The cult of the natural at its best asks of the medium of art also, as well as of the subject, that it wear a common aspect, untouched by artifice. Many of the new poets take as their ideal “the sequence of the spoken phrase”, with a special dislike of all “inversions”; the “language of common speech” will serve their purposes. Yet most of them are better poets than their theories would indicate, and their practise, like Wordsworth’s in a similar predicament, is perhaps sufficient guide to the kind of naturalness they are after. An Extempore Effusion upon the Death of James Hogg is the kind of naturalness Wordsworth fell into when he was off his guard. “Other poets”, says a more modern cultivator of naturalism, “will come and perchance perfect where these men have given the tools. Other writers, forgetting the stormy times in which this movement had its birth, will inherit in plenitude and calm that for which they have fought.” Most of us who are convinced that all speech is artful in so far as it is intelligible, can occasionally put up with a bit of fine writing like this, but we note in passing that “perchance” and “plenitude” are not the language of common speech today.
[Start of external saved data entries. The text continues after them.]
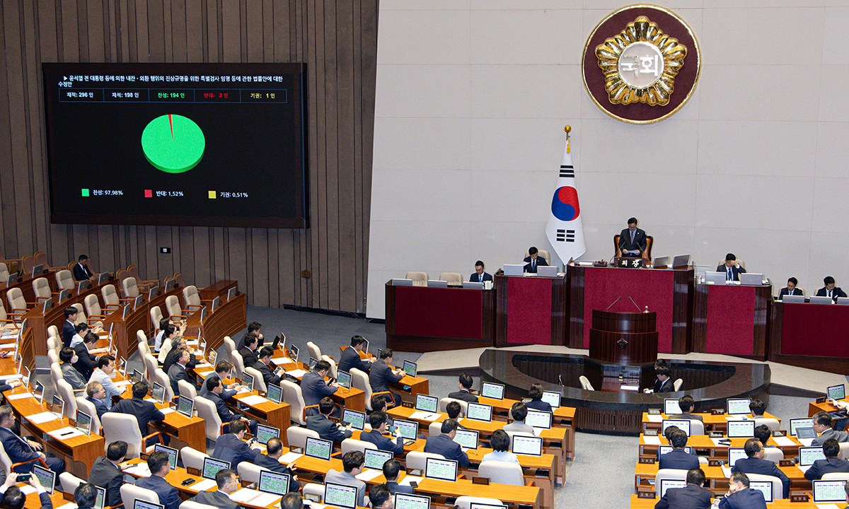 찬성 194표 내란특검법 가결 5일 서울 여의도 국회에서 열린 본회의에서 내란특검법(윤석열 전 대통령 등에 의한 내란·외환 행위의 진상 규명을 위한 특별검사 임명 등에 관한 법률안)이 통과되고 있다. 내란특검법은 찬성 194표, 반대 3표, 기권 1표로 가결됐다. 뉴스1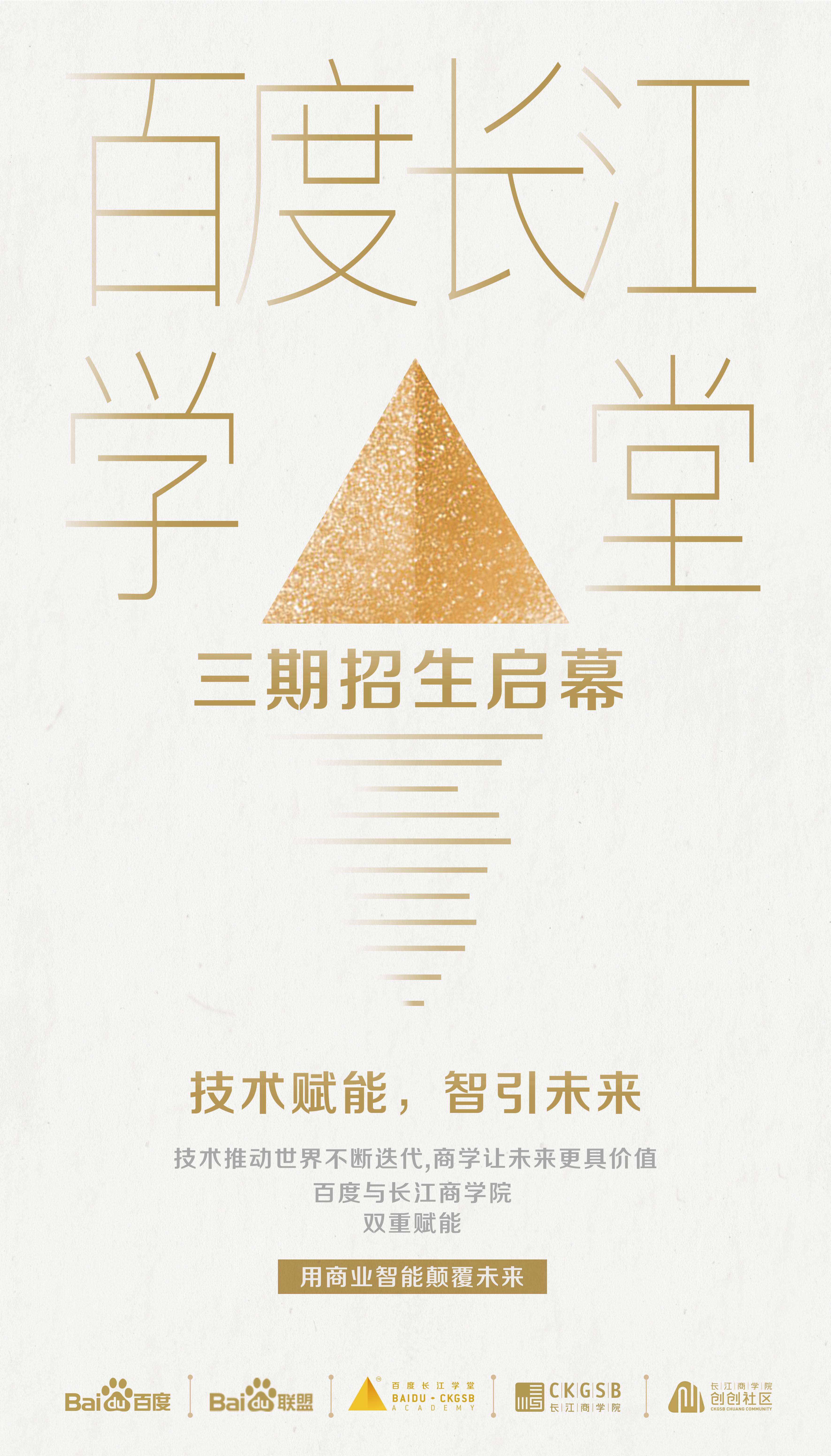 技术赋能,智引未来。百度长江学堂首期、二期班成绩斐然,三期班招生正式开启。技术推动世界不断迭代,商学让未来更具价值,百度技术与长江商学的双重赋能,带你一起用商业智能颠覆未来!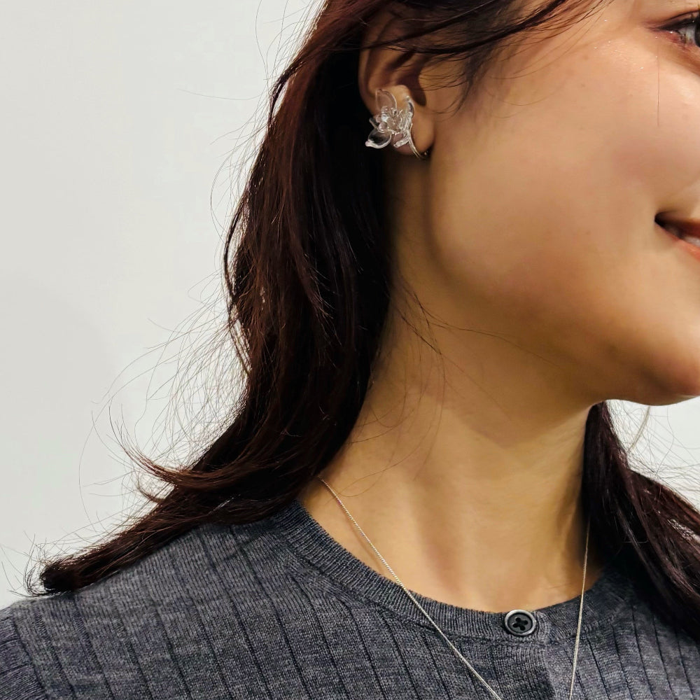 イヤリングパーツには、耳の厚みに合わせて微調整が可能なカシメ式のパーツを使用しています。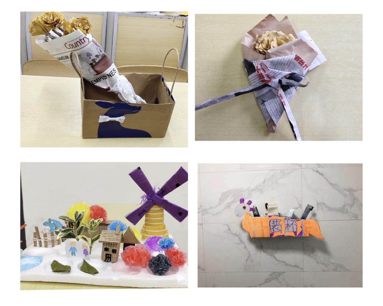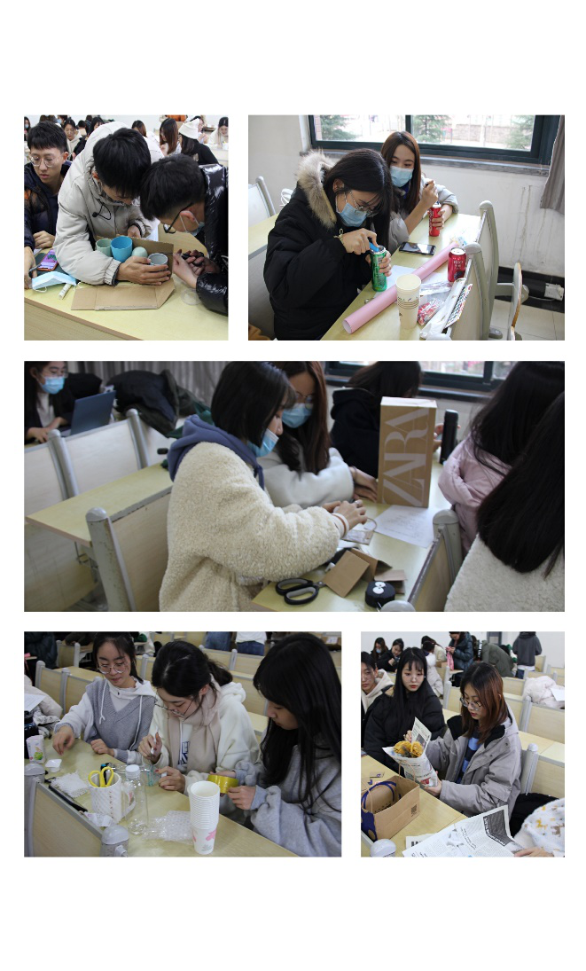 各个参赛队伍在有限的时间里,发挥无限的想象,以独特的审美视角,别样的创作理念,新颖的造型构思,对日常生活中的废品进行独具匠心的创意设计。其中“天线宝宝队”以团队合作的方式,充分利用快递盒、废纸、麻绳、蕾丝边、银杏叶等废旧物品,通过粘贴、拼接、改造,制作出了观景收纳盒,收纳宿舍零碎物品;“啥也不是队”利用纸箱、塑料瓶、树枝、树叶、旧衣服,在队员的认真裁剪、构思下,分工合理、配合默契地呈现出具有雕刻艺术的灯罩,又充分利用旧鞋盒制作美丽的相框和笔筒,将毫不起眼的泡沫板做成生动有趣的桌面装饰物,既将宿舍废品的利用价值最大化,也美化了宿舍环境。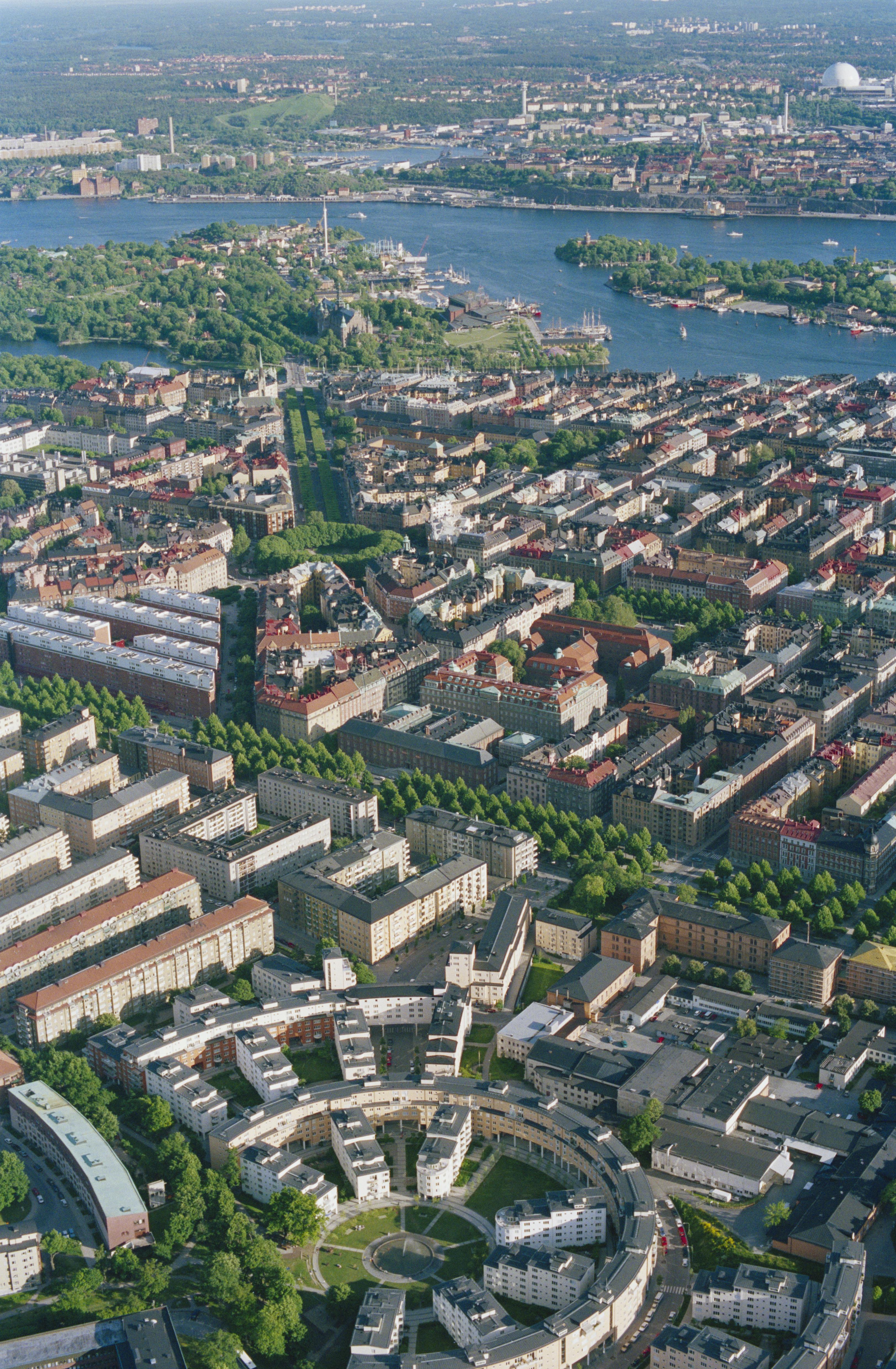Beskrivning: Östermalm. I bildens nedre del bostadsområdet Starrängsringen. Till vänster om bildens mitt köpcentrum- och bostadskvarteret Fältöversten på Karlaplan och Narvavägen mot Kvarteret Krubban och Södra Djurgården. I bildens övre del Saltsjön, Södra Djurgården, Skeppsholmen, Kastellholmen m.m. mot Nacka socken och Johanneshov med Ericsson Globe (Globen), Bilden är tagen mot (väderstreck): SSO

As for the fear of inversions and the sacredness of the natural word-order, it is enough for the moment to observe that no one order is natural for all peoples, nor for any one speech at all times; different word-orders express different states of emotion, even different ideas, and one is as natural as the other. “Tell me not in mournful numbers” or “Tell not me in mournful numbers”—which is the natural order? From another and contemporary New England poet, who sticks valiantly for the natural sequence of speech, we may examine a characteristic line, which has as high a percentage of nature in it as absence of art can insure—“I must pass that door to go to bed.” Would it be less natural to say, “To go to bed, I must pass that door”?